ナイトガードというマウスピース状の器具を装着して就寝することで、歯ぎしりや食いしばりによって起こる歯や顎への損傷を緩和することができるのです。アクリルで作製するナイトガードはある程度の硬度があるので、歯ぎしりや食いしばりで発生する力を横方向に逃がす作用を持っています。
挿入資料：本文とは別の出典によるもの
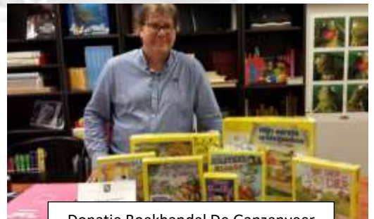
Donatie Boekhandel De Ganzenveer

Vanuit eerdere contacten van De Beursvloer Helmond ontvingen wij een donatie van Boekhandel De Ganzenveer. Naast de afgebeelde spellen mocht wij ook nog eens voor € 100,00 aan boeken uit de winkel uitzoeken.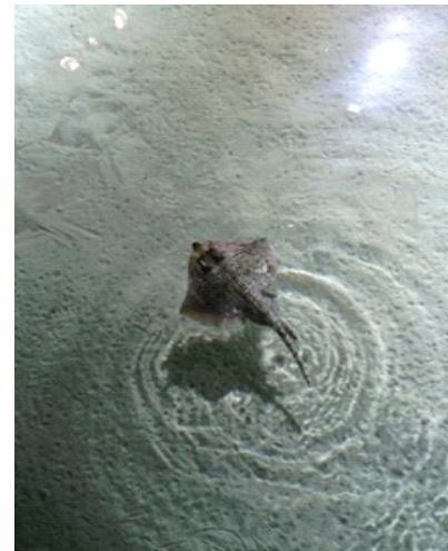
Aquario di Genova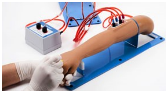
Externí zásobník krve pro nepřetržitý přísun tekutin, natlakování cév a možnost pozorování zpětného tlaku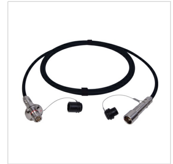
Konfektioniertes SMPTE-Kabel FMW-PUW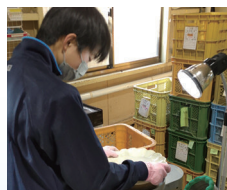
WEP 企業への3日間インターンシップ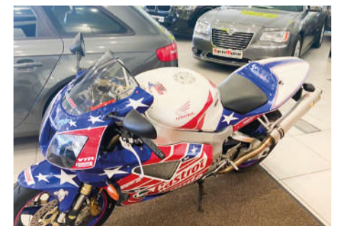
HONDA VTR SP2 | 1.000CV Año 2000 | 9.000 Km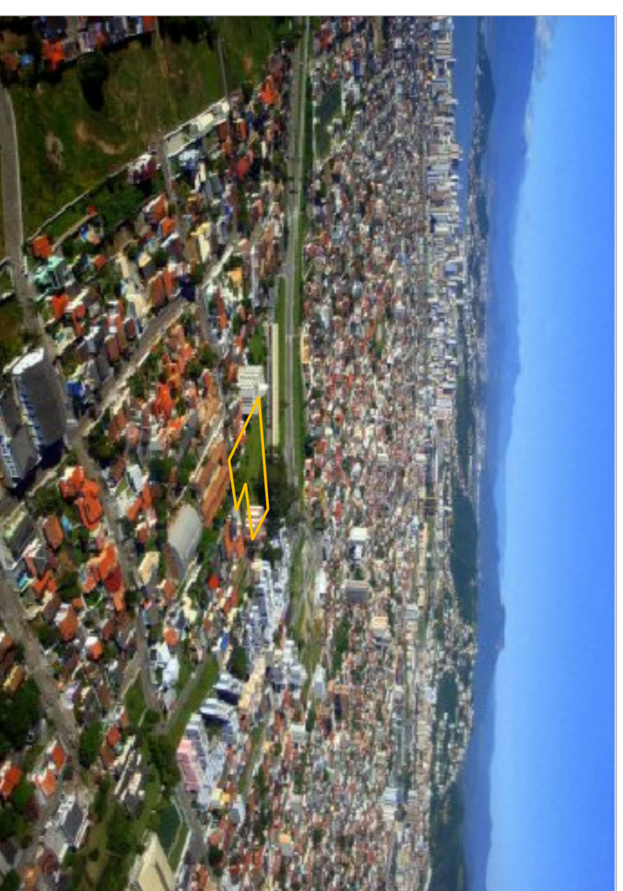
Vista da área de intervenção

Assim, o objetivo desse trabalho de conclusão de curso é propor um Centro de Atividade Física, no bairro do Jardim Atlântico, na porção continental do município de Florianópolis, que ofereça aos usuários a oportunidade de desenvolver atividades físicas orientadas que promovam o lazer, a inclusão social e contribuam para a promoção da saúde e melhoria da qualidade de vida das pessoas.

就寝中の歯ぎしりや食いしばりは自覚できないことが多いですが、「歯に割れや欠けが起きやすい」、「歯が摩耗している」といった場合はぜひ当クリニックにご相談ください。
睡眠時無呼吸症候群の診療
睡眠時無呼吸症候群は、就寝中に呼吸が止まったり、呼吸が低下したりする現象が一定以上に起こる疾患です。ご本人に自覚がなくても、睡眠の質が低下することで眠っても疲労回復がしにくく、日中に眠気に襲われるなどの弊害が出ます。仕事や家事、学業などの効率が低下しますし、車の運転や機械の操作などに関わる人は、事故を起こすリスクが上がるので注意が必要です。当クリニックでは、就寝時にマウスピースを装着して気道を確保し、睡眠時無呼吸症候群が起こりにくくする治療を行っています。